If you are transferring the designs to stitch on a home sewing machine or to embroider by hand you may find these methods helpful:

CENTERING – MeadowLyon Block Patterns have  “centering lines”  for easy placement.    I think the easiest way to find the center of a square is to draw lines with a disappearing marker or simply a length of thread, diagonally both ways,  from corner to corner.  Poke a pin through the center of the pattern into the center indicated on the fabric.  Using the “centering lines”,  measure* to assure they are parallel to the outer lines of the fabric “block.” ( * Of course I  “eyeball” it and you probably will too!)

TRACING – Place the paper pattern on a light box, an empty picture frame with glass, or a window.  Tape in place.  Next place the fabric over it and center it using the convenient centering cross-lines.  Tape in place.  Trace the design onto the fabric with  a.) a washable marker or washable fabric marker;  b.) a disappearing marker;  c.) tailor’s chalk pencil;  d.) a carbon leaded pencil that will wash out.  There are lots of great products on the market! You can even get a white Clover marker to use on dark fabrics.

TRANSFERRING BY CARBON – On a hard surface, place a transferring medium such as dressmaker’s carbon* or “Saral” carbons over the fabric.  Next place the paper pattern on top and trace over it with a ball point pen or stylus.  (* Personally I do not like the carbon that is purple.  It’s wet and smears all over!)

CREATE A STENCILOption A – Stitch through the paper pattern and after placing it on the fabric use a pounce pad to make through the “stencil.”  This is convenient if you need to transfer the same design many times.  Option B – Lay :” Bridal Tulle” over the pattern and trace with a fine line, permanent marker.  When you want to transfer the pattern, lay the Tulle over the fabric, pin in place,  and draw over the line with a chalk pencil.  The chalk line will go through the holes of the Tulle to the fabric.

TRANSFER PENCILS – The latest tool is a great one. The transfer pencil (made by Fons and Porters and other brands too) create an iron-on stencil just like the old embroidery transfers.  Simply turn the block pattern over, place it on a light box or window, and draw the line on the back of the block.  When you’ve finished you’ll be able the place the block (right side up) over your fabric and “iron on” the stitching line.
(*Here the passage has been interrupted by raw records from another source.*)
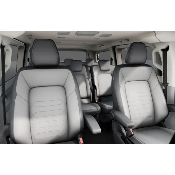 Fenster im Lade-/FG-Raum: - ausstellbar, vorn links, Fenster im Lade-/FG-Raum: - ausstellbar, vorn rechts, 10 Lautsprecher, 12V-Steckdose an D-Säule rechts, 12V-Steckdose in der Mittelkonsole, 2 Verzurrösen, 2. Reihe mit 3 Einzelsitzen, 3. Reihe mit 3er-Sitzbank, Rückenlehne klappbar, Airbag Fahrer-/Beifahrerseite, Beifahrerairbag abschaltbar, Anhängerkupplung elektrisch anklappbar, Armlehnen vorn, Audio-Navigationssystem mit Touchscreen-Farbdisplay 13" inkl. App-Connect Wireless (Apple CarPlay / Android Auto), Außenspiegel elektr. verstell-, heiz- und anklappbar, Einparkhilfe vorn und hinten, Einstiegleisten Schiebetüren Metall, beleuchtet, Elektron. Stabilitäts-Programm (ESP), Fahrassistenz-System: Geschwindigkeits-Regelanlage mit Intelligentem Geschwindigkeits-Assistent, Fahrassistenz-System: Notbrems-Assistent, Fußgänger- und Fahrraderkennung, Ausweichunterstützung und Abbiege-Assistent, Handschuhfach beleuchtet, Kombiinstrument digital, Kraftstofftank 70 l Fassungsvermögen, Lenkrad (Kunstleder) mit Multifunktion, LM-Felgen 6,5x17 (Le Mans, silber), Notrufsystem eCall, Reifen 215/60 R17, Rückfahrkamera, Schadstoffarm nach Abgasnorm Euro 6e (EU6 EB), Schmutzfänger vorn und hinten, Seitenairbag / Kopfairbag (Curtain-Airbag) vorn und Kopfairbag (Curtain-Airbag) hinten, Sicherheitsinnenspiegel, manuell abblendbar, Sitzbezug / Polsterung: Kunstleder, Sitze vorn mit Lendenwirbelstütze, verstellbar, Sitze vorn verstellbar (6-fach), Sitzheizung vorn, Sonnenschutzrollos an den Seitenfenstern (2. Reihe), Startanlage / Zentralverriegelung Keyless Access ohne Safesicherung, Stoßfänger vorn und hinten in Wagenfarbe, USB-Schnittstellen vorn und hinten, Wegfahrsperre (elektronisch), Heckscheibe heizbar, Karosserie/Aufbau: Bus, Motor 2,0 Ltr. - 110 kW TDI, Schiebetüren Lade-/Fahrgastraum links/rechts inkl. Zuziehhilfe, Antriebsart: Frontantrieb, Getriebe 6-Gang, Klimaanlage Fahrerhaus und Fahrgastraum (3-Zonen mit autom. Regelung) mit Digitales Bedienteil im Fahrgastraum, Zusatzheizung elektrisch, Verglasung hinten abgedunkelt, Fahrassistenz-System: Verkehrszeichenerkennung mit Falschfahrer-Warnfunktion, Fahrassistenz-System: Dynamische Fernlichtregulierung (Dynamic Light Assist), Heckleuchten LED mit exklusiver Lichtsignatur, Matrix-LED-Scheinwerfer (IQ.Light) inkl. Coming- und Leaving-Home, Fahrassistenz-System: Spurhalteassistent (Lane Assist)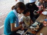 二日目にお母さんのひとりが誕生日 皆でショートケーキとろうそくでお祝いしました。 |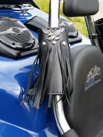 Makkelijk te monteren aan je motor of trike via 2 leren riempjes.

TEAR AWAY –  Option A – Trace the design from the pattern onto a tear away paper such as that sold through Golden Threads.  Adhere the tissue to your fabric with pins or spray adhesive.  Sew through the paper and tear away.  Option B – Lay “Press n’ Seal” plastic wrap over the paper pattern.  Trace the design onto the film with a washable marker*.  Stick the film to your fabric and stitch through it.  Tear away.  ( * Always test the marker in a trial run first.  Vis-a-vis markers for transparencies, Dry erase markers and permanent markers work well on the film, BUT, if you are using a long-arm machine, the heat of the needle may “set” vestiges of marker in your fabric.)

 

LONG-ARM MACHINE QUILTING – Of course you can place the pattern on the bed of your quilting machine table and follow the line with your laser or pointer.  If you’re working from the front of the machine, DeLoa Jones suggests you place the pattern on a cookie sheet and adjust the laser to the page.   You’ll still need to find the center of the block and direct your laser to that point.  Then you can move to one of the starting points on the continuous-line block pattern and begin stitching.